Here is a screenshot of the recording application which doesn’t look like much, but it had to check the consent status, perform a quick sound check, record the conversation via omnidirectional microphones (and allow the advisor to pause recording in case the student wanted to discuss something too sensitive for recording) to then encrypt it and upload it to our servers where we postprocessed it (e.g. voice activity detection to verify the recording worked, removal of personally identifiable information (PII) and afterwards annotation with our in-house developed annotation pipelines. There are interesting edge cases involved as well – for instance, conversations are too valuable to be lost and thus if the upload should not be possible, we have to encrypt the conversation in-place to be picked up. I forgot the exact implementation, but I think we generate a random symmetric key for that (for speed) and then encrypt that key asymmetrically s.t. the actual encryption key does not reside on the same machine.

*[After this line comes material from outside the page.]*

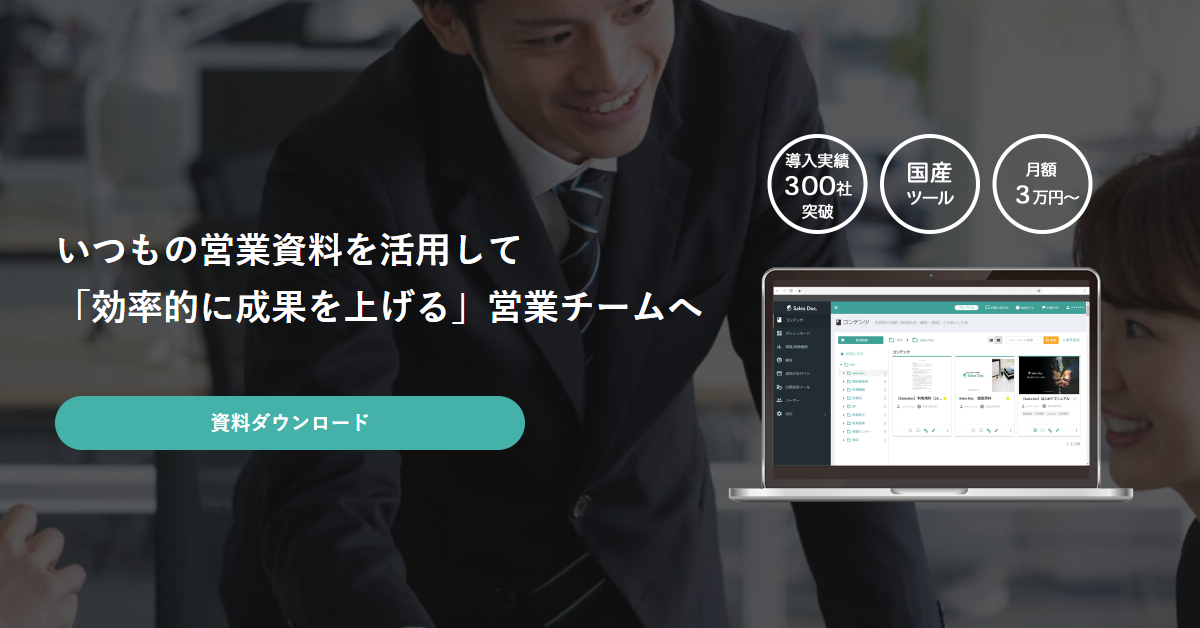 - ✓ og:description — Sales Docは、お客様に送った資料や動画がいつ見られているのか、どこが良く見られているのかを可視化できる「営業向け追客ツール」です。

But enough GUIs. Here is a rough sketch of the system architecture. Essentially, we have at least one GUI that talks to the dialog manager which via POMDPs or end-to-end training decides what to say next. For that, it leverages NLP services such as semantic parsing (CAMR), dialog act classification and sentiment analysis etc. Another core component is that the dialog manager can forward natural language queries to an ensemble of two natural language interfaces to databases which can turn the query into a database query. In turn, they might use helper services like word embeddings or an HTML generator. We also have an API gateway that connects our newer system to services we had built before like summarization, course selection and also natural language generation.

Besides this dialog core there is this bigger ecosystem that also involves various data annotation web applications, the GUIs, scheduling, cloud services etc. There are more components than depicted – for instance, we also had a named entity recognition ensemble.


I also worked with various researchers to build mini demos like this one which takes a sentence, executes semantic parsing and visualizes the result as a graph. This was useful to debug individual components and demo small things.

Here is a rough entity relationship diagram (ERD) to get an idea of what kind of data we are talking about. When I get around to writing something about IBM Verdi (which I already have gotten permission for), I will reiterate how helpful a proper business object model can be for AI components.

Finally, I conducted many fun side experiments like building a knowledge graph of courses – this particular one was GRAKN-based, but Janusgraph or Blazegraph would have worked just as well. [Or probably ArangoDB which I urgently want to take a closer look at.]


Ultimately, Sapphire was a fascinating project, since it meant collaboration with six chairs – deep learning, reinforcement learning, natural language processing, systems, data annotation and signal processing. The project yielded over 20 papers at top conferences with over 700 citations which I am very proud of. It also directly led to me getting hired into IBM Research AI Cambridge.